The average American family lost one-third of its net worth during the Great Recession. One in ten families lost their homes. One in ten workers lost their jobs. The consequences of the crisis still reverberate today, reflected in distrust of large financial institutions, dissatisfaction with politics as usual, and concern that capitalism is no longer working for the American people.
It is possible to draw a line from the crisis to the election of Donald J. Trump as the 45th President of the United States. Further, in the most recent presidential election cycle, much of Senator Elizabeth Warren’s case for her electability was tied to her work in the Recession—arguing that she, unlike Republicans (and many Obama Administration officials), was focused on putting consumers first after the worst downturn since the Great Depression.
While much has been written on the ways in which financial regulation has been overhauled since the crisis, little research has been done on whether this overhaul was sufficient, or whether the system is still at risk. This Article steps in to fill this void. I argue that, despite regulators’ statements to the contrary, the vulnerabilities that led to the Recession remain in our financial sector. Without a course correction, the next time will be the same, and the consequences for ordinary Americans likely even more dire.
This Article differs substantially in tone from the calm espoused by those in the financial regulatory community of late. For example, in a speech in July 2019, Federal Reserve Vice Chair Randal Quarles announced that “banks have now built enough capital to withstand a severe recession.” He further stated that it was now appropriate to deregulate large financial institutions because, since the crisis, large banks have addressed the “substantial deficiencies in their ability to measure, monitor, and manage their risks”—deficiencies that led to the Great Recession.
Vice Chair Quarles is not alone in his optimism. Federal Reserve officials have claimed repeatedly in recent years that financial crises are behind us due to substantial reforms enacted in the aftermath of the Recession. These reforms include decreasing banks’ ability to make risky bets and designing a plan for how to unwind large financial institutions with minimal harm to consumers. Perhaps most importantly, banks are now subject to annual stress tests that are intended to measure their ability to cope with a crisis-like event. For the last several years, all large financial institutions have cleared the stress tests with flying colors, suggesting that the system today is well equipped to weather the next storm.
At the same time, the market has not been so sanguine. In fact, in August 2019, only weeks after passing the stress tests, all large banks lost ten percent of their market value. Their probability of defaulting on borrowers, assessed from the cost of buying insurance that pays out if the firm defaults, skyrocketed. Analysts attributed this steep decline in value to an increase in bank risk: The business of banking involves borrowing short term and lending long term. In 2019, revenues from lending (long-term interest rates) fell below the costs of borrowing (short-term interest rates). This threatened the business model of large financial institutions and also prompted fears that a recession was imminent. Concerned credit analysts downgraded financial firms, and large financial institutions themselves advised their clients to begin to prepare for a recession.

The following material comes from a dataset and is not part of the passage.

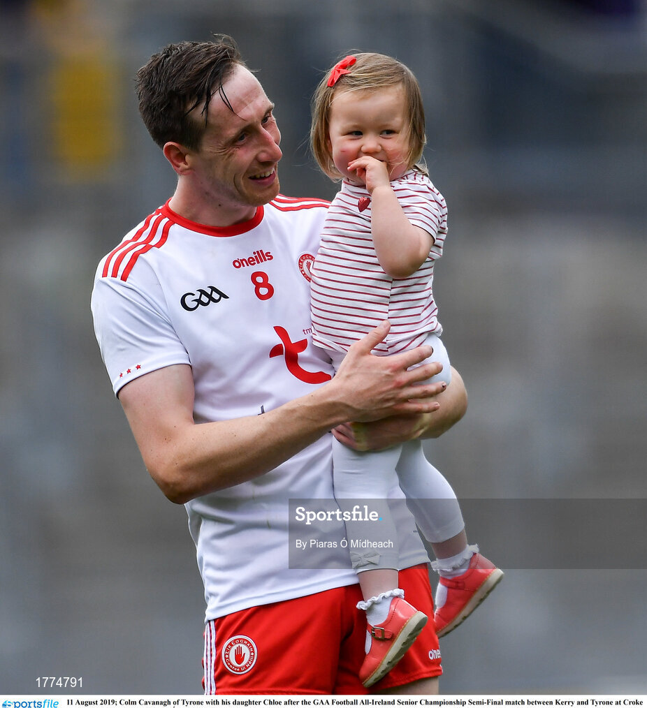 11 August 2019; Colm Cavanagh of Tyrone with his daughter Chloe after the GAA Football All-Ireland Senior Championship Semi-Final match between Kerry and Tyrone at Croke Park in Dublin. Photo by Piaras Ó Mídheach/Sportsfile

While industry participants, observers, and market signals were sounding alarms, regulatory measures of bank health were static. It is plausible that the market overreacted in August (in fact, it experienced a partial recovery in subsequent weeks), but it is unlikely that the risks in the financial sector were unchanged during this period as regulatory measures of bank capital suggested. Market measures provide a more dynamic assessment of the evolution of financial stability during this period. Regulators can, and should, monitor this information. Yet they do not.
Since the 1980s, capital regulation has been the primary form of bank regulation. Banks fail when the total amount of money they owe (their liabilities) exceeds the total value of the assets they have. The difference between a bank’s assets and liabilities is known as equity capital. Capital helps banks absorb losses that decrease the value of their assets and is measured by regulators as the difference between book values of bank assets and liabilities, known as book or “regulatory” capital.
However, this information is reported only quarterly and is prone to manipulation by sophisticated firms. Because regulators rely solely on backward-looking, static, and manipulatable measures of capital, their assessments paint an inaccurate picture of bank health. I show this empirically in two ways.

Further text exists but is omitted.